Por fin, culmino la subida llegando al Puerto de Don Fernando
(880 m.), paraje que recibe dicho nombre del paso de los
Reyes Católico por Benaocaz. Según
cuenta la historia, estando los Reyes acampados en este lugar
recibieron la visita de las mujeres del pueblo que le hicieron
entrega de sus joyas como contribución a la conquista
de Granada. Desde este puerto hasta el Salto del Cabrero,
la vereda discurre por un paraje relativamente llano, donde
podemos comprobar aljibes y los llamados "majanos":
montones de piedras que aparecen dispersos por el prado en un
intento de ganarle a la sierra, centímetro a centímetro,
terreno para el pasto. Cruzo el puerto, atento a un sendero
que parta a la izquierda hacia el Salto del Cabrero.
No hay pérdida posible, el sendero es muy marcado y una
solitaria encina nos sirve de baliza. Así accedo a la
cota más alta del Salto del Cabrero (934 m.),
aunque la perspectiva de este cerro calizo dramáticamente
partido en dos no es la mejor. Para buscar una buena visión
retrocedo sobre mis pasos y de nuevo en el puerto, continuo
mi camino bordeando la cara noroeste de la Sierra del Endrinal.

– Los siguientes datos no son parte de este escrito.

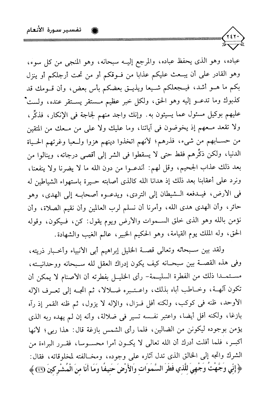 عباده، وهو الذي يحفظ عباده، والمرجع إليه سبحانه، وهو المنجي من كل سوء، وهو القادر على أن يبعث عليكم عذابا من فوقكم أو من تحت أرجلكم أو ينزل بكم ما هو أشد، فيجعلكم شيعا ويذيق بعضكم بأس بعض، وأن قومك قد كذبوك وما تدعو إليه وهو الحق، ولكل خبر عظيم مستقر يستقر عنده، ولست عليهم بوكيل مسئول عما يسيئون به. وإنك واجد منهم لجاجة في الإنكار، فذكِّر، ولا تقعد معهم إذ يخوضون في آياتنا، وما عليك ولا على من معك من المتقين من حسابهم من شيء، فذرهم؛ لأنهم اتخذوا دينهم هزوا ولعبا وغرتهم الحياة الدنيا، ولكن ذكِّرهم فقط حتى لَا يسقطوا في الشر إلى أقصى درجاته، وينالوا من بعد ذلك عذاب الجحيم، وقل لهم: أندعوا من دون الله ما لَا يضرنا ولا ينفعنا، ونرد على أعقابنا بعد ذلك إذ هدانا الله كالذي أصابته حيرة باستهواء الشياطين له في الأرض، فيدفعه الشيطان إلى التردي، ويدعوه أصحابه إلى الهدى، وهو حائر، وأن الهدى هدى الله، وأمرنا أن نسلم لرب العالمين وأن نقيم الصلاة، وأن نؤمن بالله وهو الذي خلق السماوات والأرض ويوم يقول: كن، فيكون، وقوله الحق، وله الملك يوم القيامة، وهو الحكيم الخبير، عالم الغيب والشهادة.

Miro hacia atrás continuamente hasta conseguir una buena
panorámica, donde me siento a descansar y a contemplar
una de las formas más famosas y singulares de la sierra:
una falla, donde aparecen dos cumbres casi gemelas, con unas
paredes verticales de más de 80 m. de altura y separadas
por una garganta de unos 50 m. de anchura. La toponimia de este
lugar, la proporciona una de las múltiples leyendas de
estas sierras. Cuenta que un cabrero de las proximidades, en
un alarde de destreza, dio un salto de una pared a otra sin
derramar la leche que llevaba para su hijo en enfermo. Media
hora de contemplación de dicha formación me sirven
de descanso para continuar mi camino, llenando ahora mi vista
con el increíble contraste del verde del Corredor
del Boyar, a vista de pájaro y el gris de los tajos
verticales del Endrinal. A partir de aquí el camino
se vuelve algo más pedregoso, delatando que ha sido abierto
a costa de ganarle terreno a la piedra, y sin penetrar en el
bosque. Tras pasar una construcción, el Cortijo de
las Albarradas, me dirijo ya plácidamente hacia el
Puerto del Boyar, donde desemboco en la carretera que
une El Bosque con Grazalema, población
a la que me dirijo por carretera en un corto descenso.